Stored data entries
***

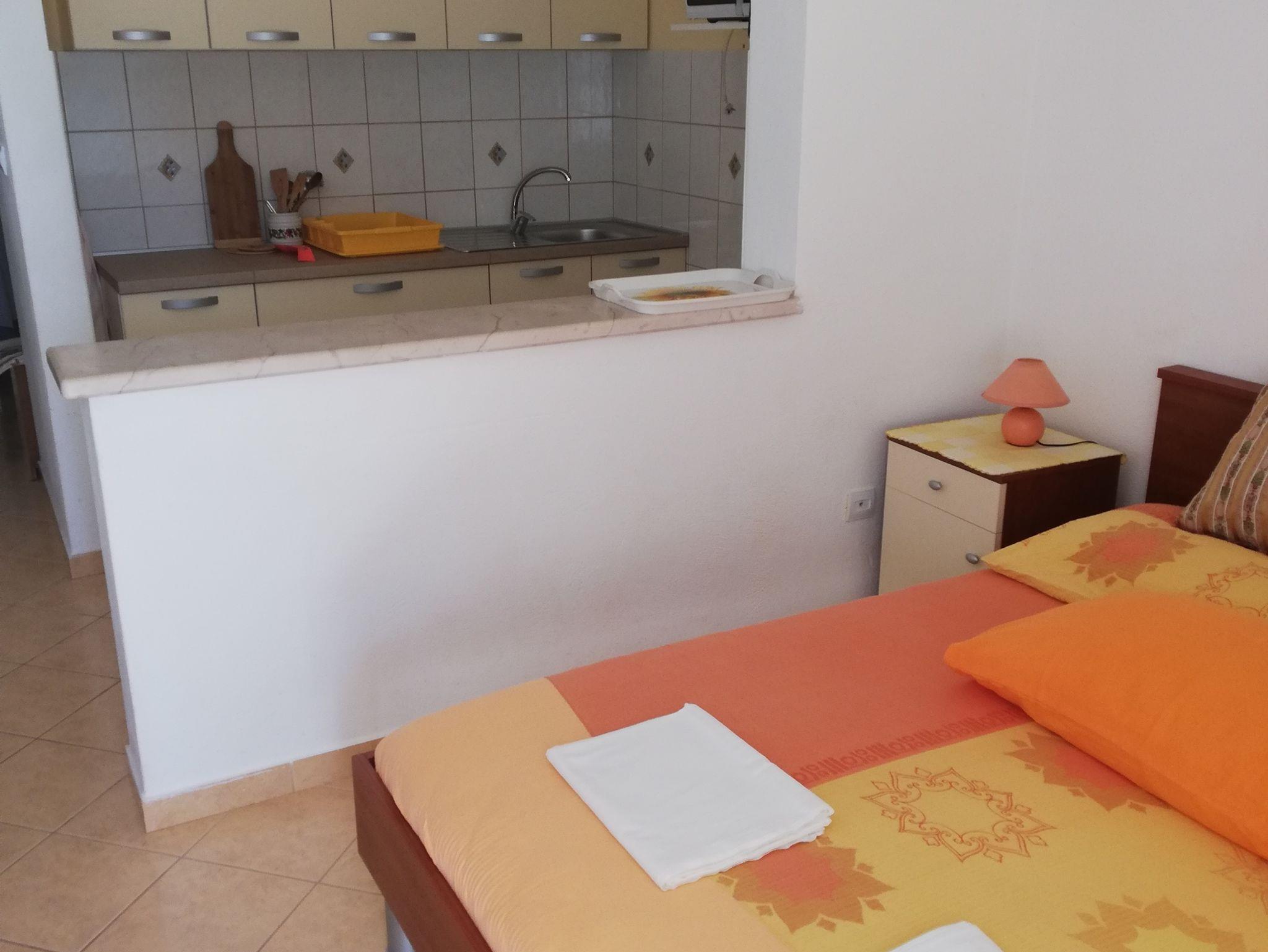 Studio bietet Platz für 3 Gäste. Die Betten sind in Schlafzimmern, die es 1 gibt, innerhalb einer Gesamtfläche von 25m2, angeordnet. Die Gäste haben eine eigene Terrasse zur Verfügung, auf der sie in warmen Sommernächten genießen können. Das Studio-Apartment bietet Meerblick. Es ist erlaubt, Speisen auf dem Gemeinschafts-Grill vorzubereiten. IM PREIS INBEGRIFFEN: Kurtaxe, Endreinigung, Parkplatz, Internet, Bootsanlegeplatz, Bügeleisen, Bügelbrett, Föhn, Sonnenschirm. VERBINDLICHE ZUSÄTZLICHE KOSTEN: Aufzahlung für Kurzaufenthalte (prozentualer Zuschlag pro Nächtigungsanzahl: 30% - 1, 20% - 2, 10% - 3). UNVERBINDLICHE ZUSÄTZLICHE KOSTEN: Klimatisierung (5,00 € pro Nacht). Die Verfügbarkeit zusätzlicher Dienstleistungen in Ihrem reservierten Termin und die Preise derselben (falls nicht aufgeführt) müssen im Voraus überprüft werden. Zusätzliche Dienstleistungen die in der Zahlungsaufforderung nicht aufgeführt sind werden direkt beim Vermieter bezahlt, angenommen der Gast nutzt auch diese.
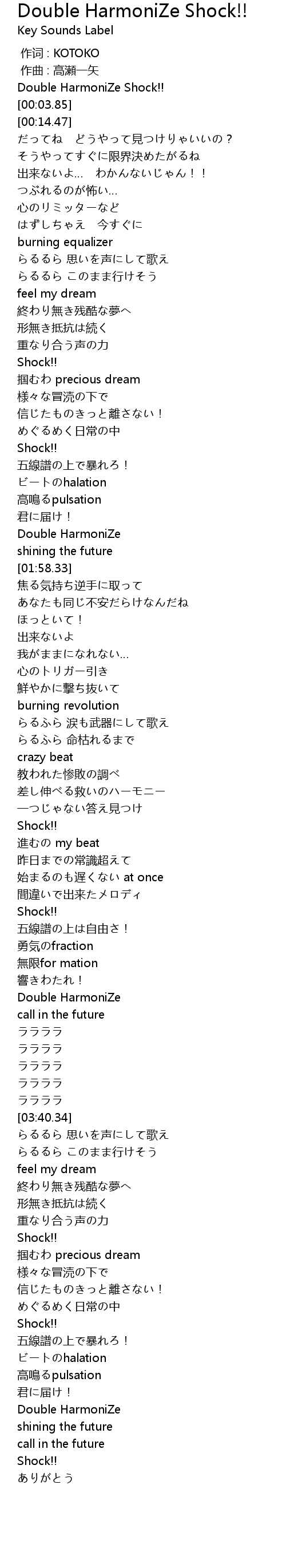 | [00:01.14] | Double HarmoniZe Shock!! |
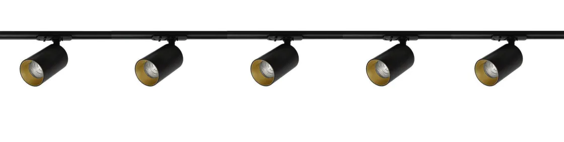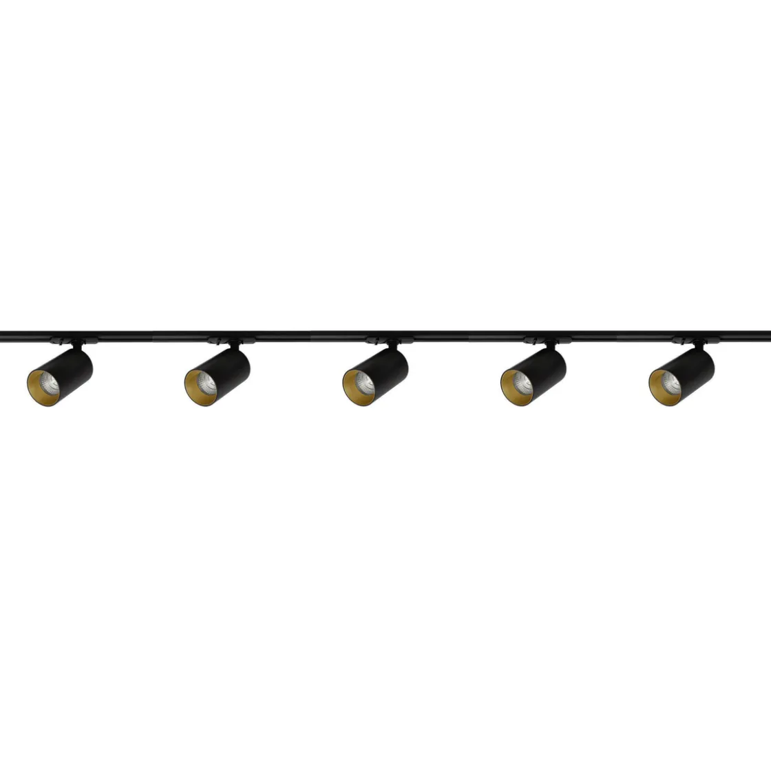 Komplett 2 meter spotskinne med 5 spotter. Lyspærer kjøpes separat med GU10 sokkel.
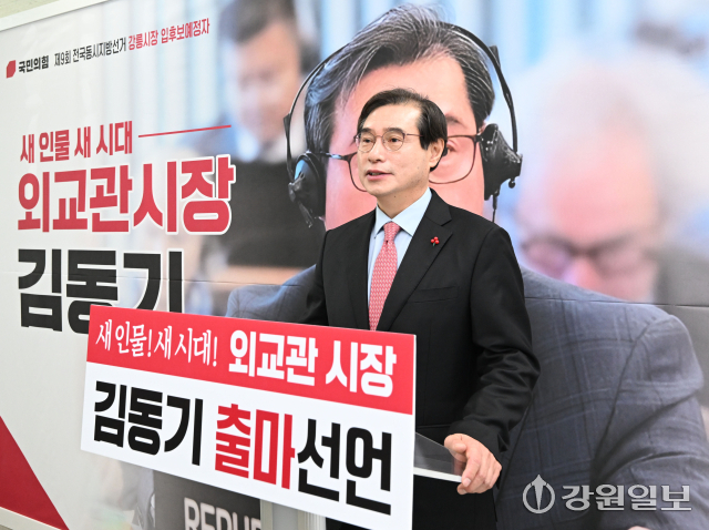김동기 전 유네스코 대사는 12일 강릉대로 선거사무소에서 강릉시장 출마 기자회견을 열어 "37년 외교관의 식견, 오직 내 고향 강릉을 위해 전부 쏟아붓겠다"며 "결과로 증명하는 발로 뛰는 시장이 되겠다"고 밝혔다. 강릉=권태명기자
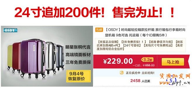 4、關(guān)于活動文案:24寸追加200件,售完為止,OSDY在參加聚劃算報名的時候,會因為銷量預估問題,備貨數(shù)量不足嗎?肯定是不可能的了,白底、紅色姓名的字體,帶給了消費者緊張的情緒,追加=不夠賣=瘋搶=大家都買了。在消費者的行為學中,一定要仔細觀察琢磨,從眾和社會認同原理在這里是可以體現(xiàn)出來的。
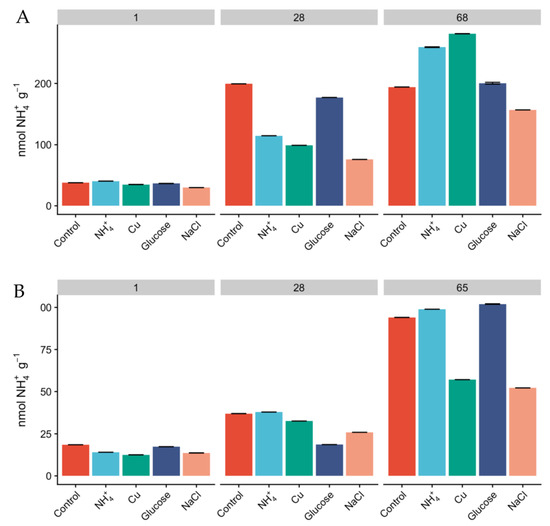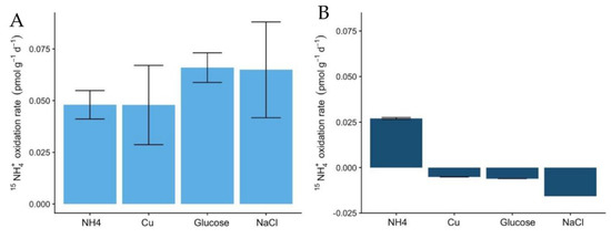 Potential ammonia oxidation rates (pmol g−1 d−1) using labelled 15NH4+ to a final concentration of 4 µM in Miers (A) and Beacon Valleys soils (B) for the following treatments: ammonium augmentation (NH4+), Cu and glucose amendments, and conductivity treatment. Error bars indicate the standard variation in the rates measured of two replicates.
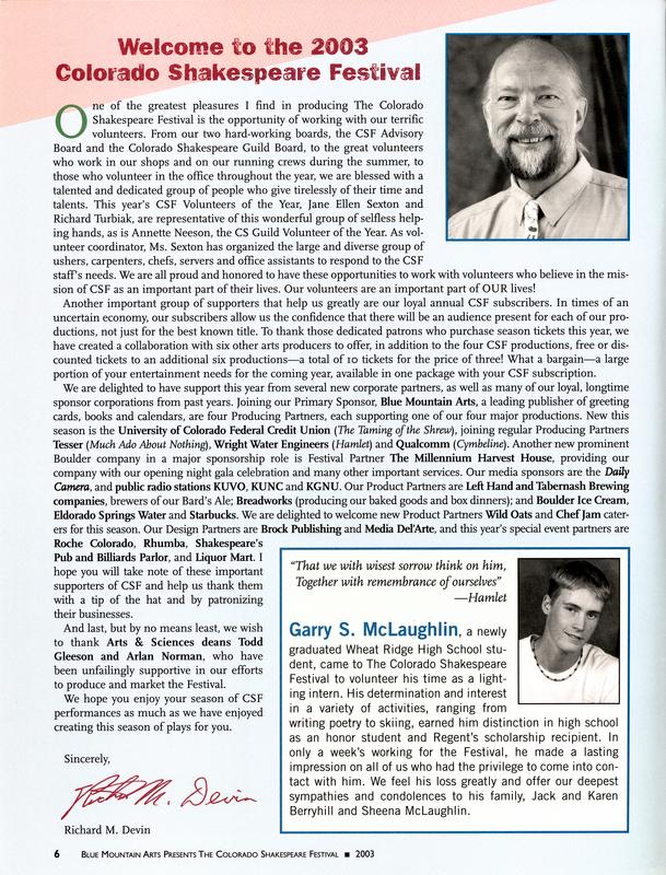 Image nameWelcome to the 2003 Colorado Shakespeare Festival
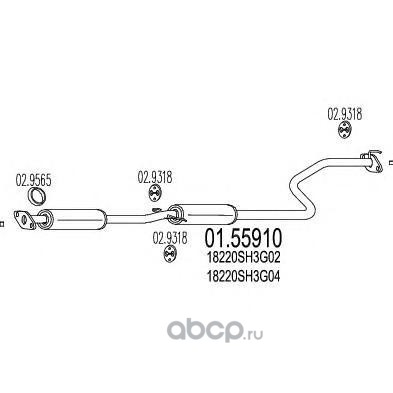 | MTS | 0155910 | Средний глушитель выхлопных газов | ||

***

Each entry must be reproduced word for word, and any image among them left out.

# [Answer section]
 Studio bietet Platz für 3 Gäste. Die Betten sind in Schlafzimmern, die es 1 gibt, innerhalb einer Gesamtfläche von 25m2, angeordnet. Die Gäste haben eine eigene Terrasse zur Verfügung, auf der sie in warmen Sommernächten genießen können. Das Studio-Apartment bietet Meerblick. Es ist erlaubt, Speisen auf dem Gemeinschafts-Grill vorzubereiten. IM PREIS INBEGRIFFEN: Kurtaxe, Endreinigung, Parkplatz, Internet, Bootsanlegeplatz, Bügeleisen, Bügelbrett, Föhn, Sonnenschirm. VERBINDLICHE ZUSÄTZLICHE KOSTEN: Aufzahlung für Kurzaufenthalte (prozentualer Zuschlag pro Nächtigungsanzahl: 30% - 1, 20% - 2, 10% - 3). UNVERBINDLICHE ZUSÄTZLICHE KOSTEN: Klimatisierung (5,00 € pro Nacht). Die Verfügbarkeit zusätzlicher Dienstleistungen in Ihrem reservierten Termin und die Preise derselben (falls nicht aufgeführt) müssen im Voraus überprüft werden. Zusätzliche Dienstleistungen die in der Zahlungsaufforderung nicht aufgeführt sind werden direkt beim Vermieter bezahlt, angenommen der Gast nutzt auch diese.
 | [00:01.14] | Double HarmoniZe Shock!! |
 Komplett 2 meter spotskinne med 5 spotter. Lyspærer kjøpes separat med GU10 sokkel.
김동기 전 유네스코 대사는 12일 강릉대로 선거사무소에서 강릉시장 출마 기자회견을 열어 "37년 외교관의 식견, 오직 내 고향 강릉을 위해 전부 쏟아붓겠다"며 "결과로 증명하는 발로 뛰는 시장이 되겠다"고 밝혔다. 강릉=권태명기자
 4、關(guān)于活動文案:24寸追加200件,售完為止,OSDY在參加聚劃算報名的時候,會因為銷量預估問題,備貨數(shù)量不足嗎?肯定是不可能的了,白底、紅色姓名的字體,帶給了消費者緊張的情緒,追加=不夠賣=瘋搶=大家都買了。在消費者的行為學中,一定要仔細觀察琢磨,從眾和社會認同原理在這里是可以體現(xiàn)出來的。
 Potential ammonia oxidation rates (pmol g−1 d−1) using labelled 15NH4+ to a final concentration of 4 µM in Miers (A) and Beacon Valleys soils (B) for the following treatments: ammonium augmentation (NH4+), Cu and glucose amendments, and conductivity treatment. Error bars indicate the standard variation in the rates measured of two replicates.
 Image nameWelcome to the 2003 Colorado Shakespeare Festival
 | MTS | 0155910 | Средний глушитель выхлопных газов | ||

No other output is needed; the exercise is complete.